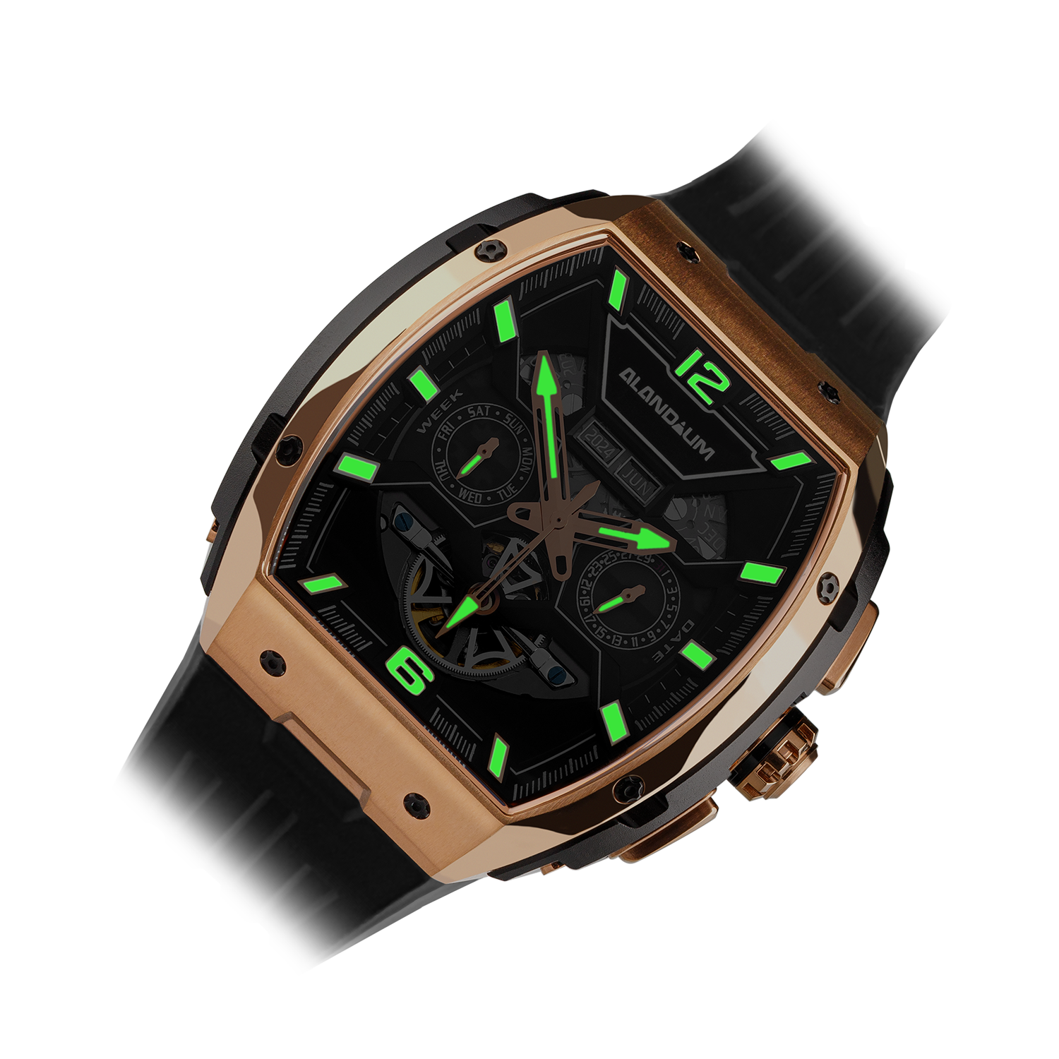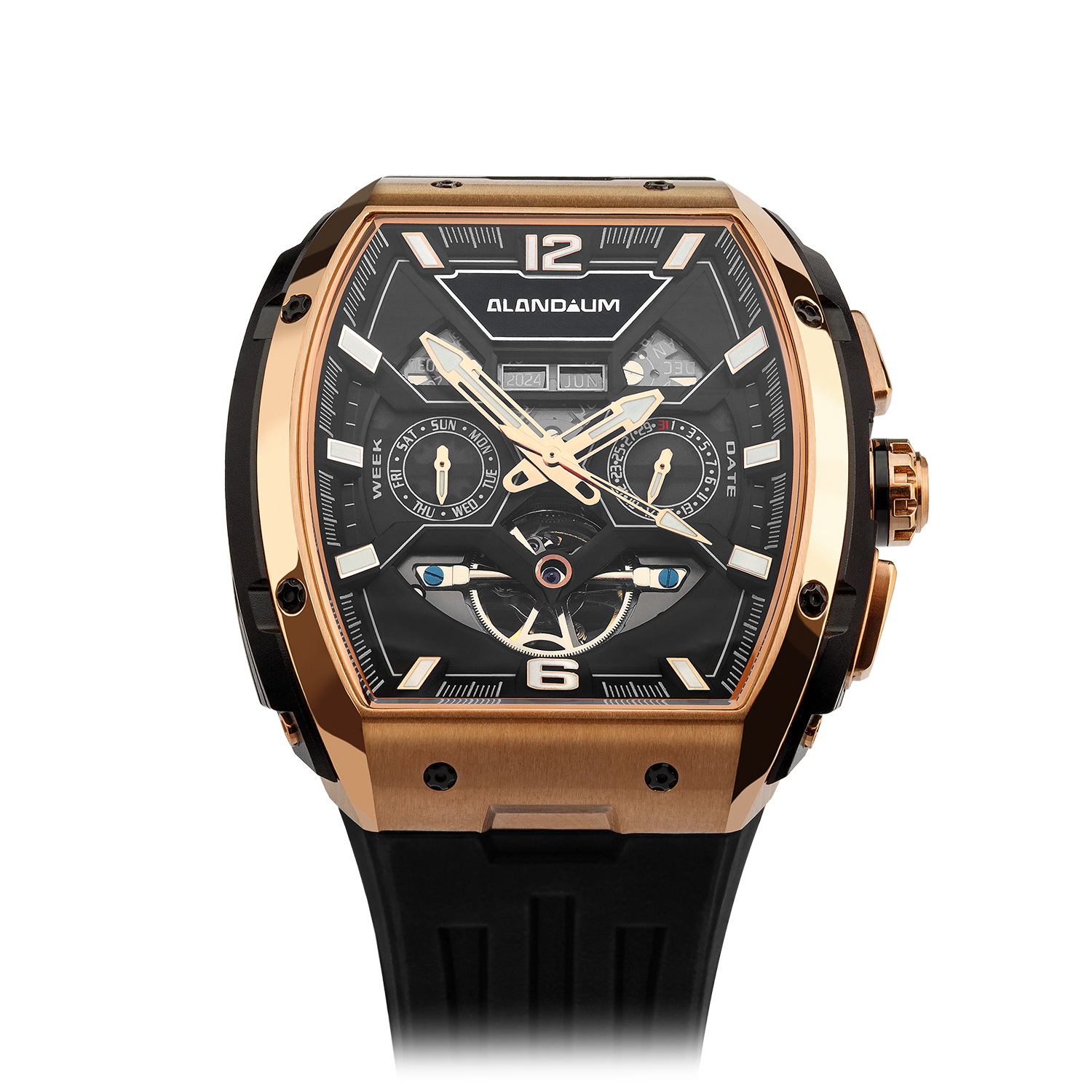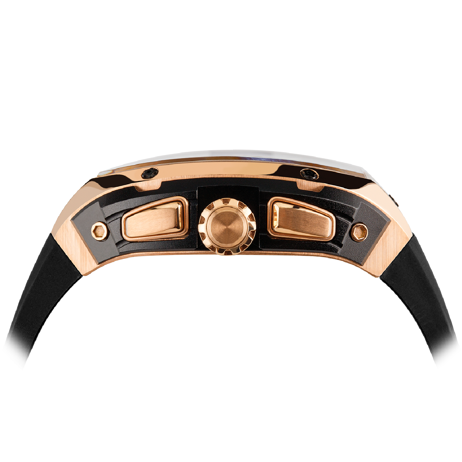Slip into effortless sophistication with the Mercurius Rose Gold. A multilayered dark dial, the perfect canvas for both sharp focus and quiet contemplation, within a luxurious rose gold case.
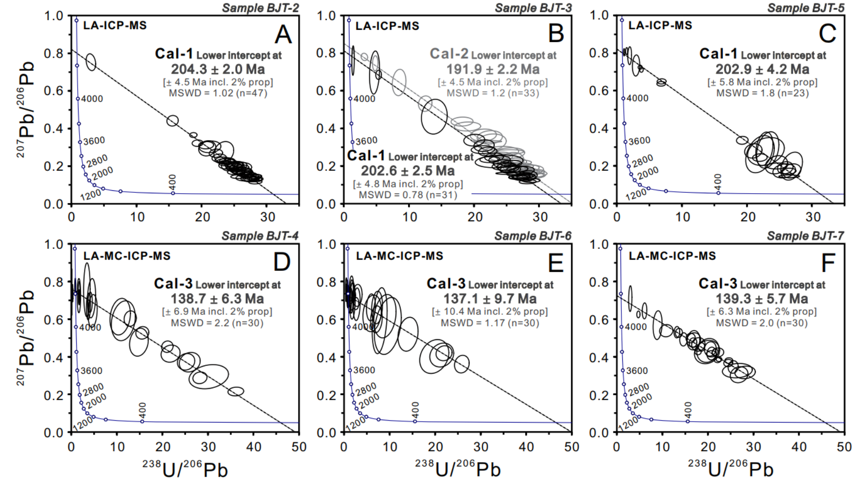 图4. 右江盆地水银洞金矿床六件样品中不同世代方解石U-Pb测年结果
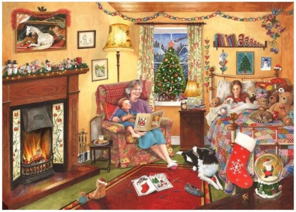 Legpuzzel A Story for Christmas. Nog even een verhaaltje voor het slapen gaan. Natuurlijk bij het vuur, want de slaapkamer is niet verwarmd. Ondertussen is de kerstman druk in de weer!
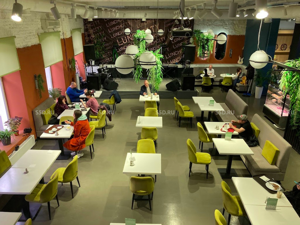 Зона приема пищи (первый и антресольный этаж), небольшая сцена для проведения мероприятий, кухня и технические помещения.
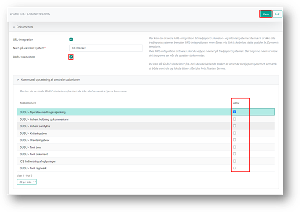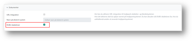 Hvis du vælger at fjerne markeringen i boksen, er det ikke muligt at oprette dokumenter fra DUBU skabeloner.
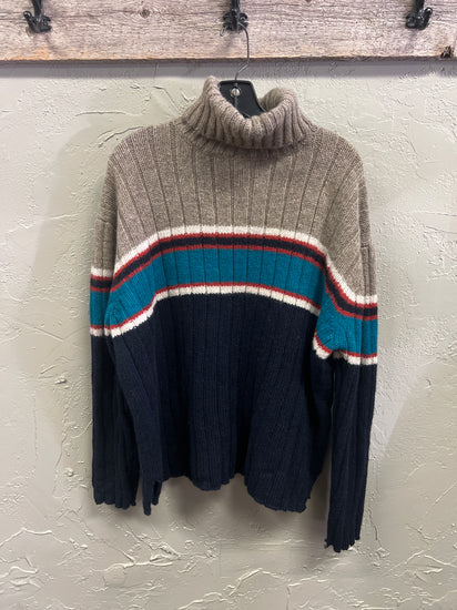 Description : Vintage 90's ribbed sweater featuring a high turtleneck, primarily in a light brown color with a dark navy blue bottom section, accented by horizontal stripes of teal, rust, black and white.
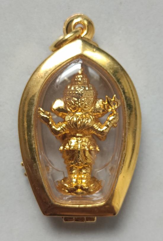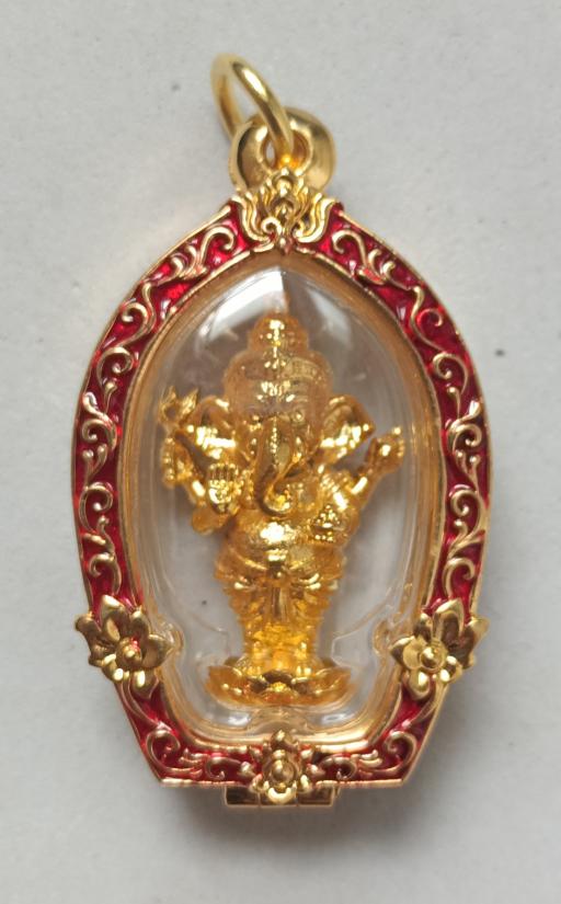 วัดใจเคาะเดียวแดงจ้า รูปหล่อพระพิคเณศ เนื้อนวะชุบทอง พร้อมตลับชุบทองลงยาแดง เลี่ยมกันน้ำ เคาะเดียวแดงจ้า |
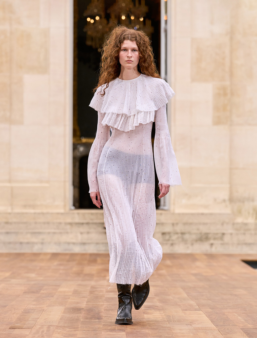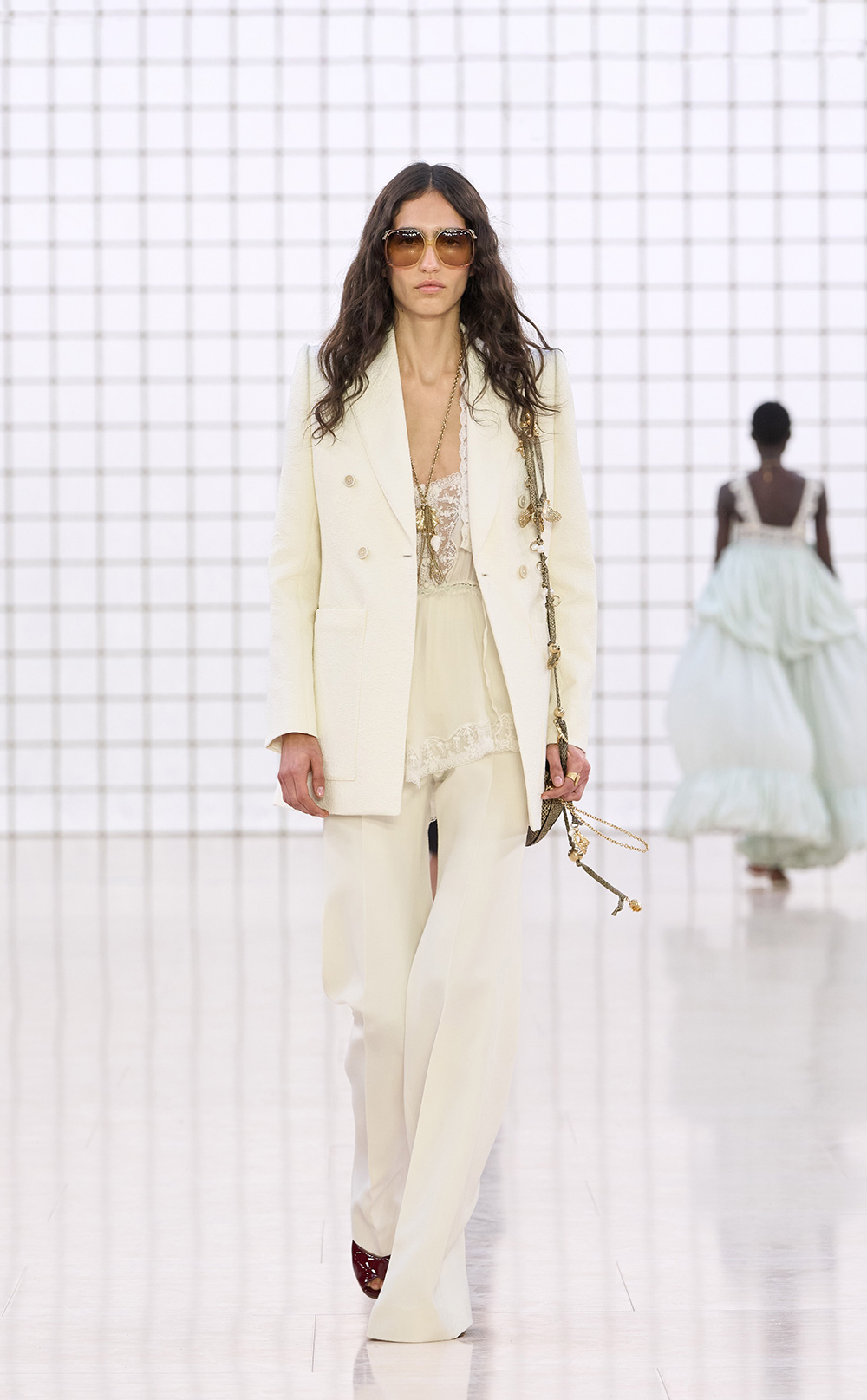 1970年代後半のアーカイブから着想を得た「クロエ(CHLOE)」を筆頭に、開放的なボーホーシックの系譜を感じさせるロマンチックなスタイルが勢いを増している。カギは、フリルやラッフル、ふんわりしたボリュームを生むギャザー、手仕事を感じる素朴なレースにクロシェ編み、ノスタルジックな花柄やペイズリー、フォークロア調のアクセサリー。ロマンチックというと甘い印象になりがちだが、「サンローラン(SAINT LAURENT)」や「ジマーマン(ZIMMERMANN)」のようにマスキュリンなアイテムや渋めな色使いでバランスをとれば、年齢を問わず楽しめる今季らしいスタイルに仕上がる。

※

**Work to complete**
Output the entries exactly and keep every picture out of them.

**Written solution**
Slip into effortless sophistication with the Mercurius Rose Gold. A multilayered dark dial, the perfect canvas for both sharp focus and quiet contemplation, within a luxurious rose gold case.
 图4. 右江盆地水银洞金矿床六件样品中不同世代方解石U-Pb测年结果
 Legpuzzel A Story for Christmas. Nog even een verhaaltje voor het slapen gaan. Natuurlijk bij het vuur, want de slaapkamer is niet verwarmd. Ondertussen is de kerstman druk in de weer!
 Зона приема пищи (первый и антресольный этаж), небольшая сцена для проведения мероприятий, кухня и технические помещения.
 Hvis du vælger at fjerne markeringen i boksen, er det ikke muligt at oprette dokumenter fra DUBU skabeloner.
 Description : Vintage 90's ribbed sweater featuring a high turtleneck, primarily in a light brown color with a dark navy blue bottom section, accented by horizontal stripes of teal, rust, black and white.
 วัดใจเคาะเดียวแดงจ้า รูปหล่อพระพิคเณศ เนื้อนวะชุบทอง พร้อมตลับชุบทองลงยาแดง เลี่ยมกันน้ำ เคาะเดียวแดงจ้า |
 1970年代後半のアーカイブから着想を得た「クロエ(CHLOE)」を筆頭に、開放的なボーホーシックの系譜を感じさせるロマンチックなスタイルが勢いを増している。カギは、フリルやラッフル、ふんわりしたボリュームを生むギャザー、手仕事を感じる素朴なレースにクロシェ編み、ノスタルジックな花柄やペイズリー、フォークロア調のアクセサリー。ロマンチックというと甘い印象になりがちだが、「サンローラン(SAINT LAURENT)」や「ジマーマン(ZIMMERMANN)」のようにマスキュリンなアイテムや渋めな色使いでバランスをとれば、年齢を問わず楽しめる今季らしいスタイルに仕上がる。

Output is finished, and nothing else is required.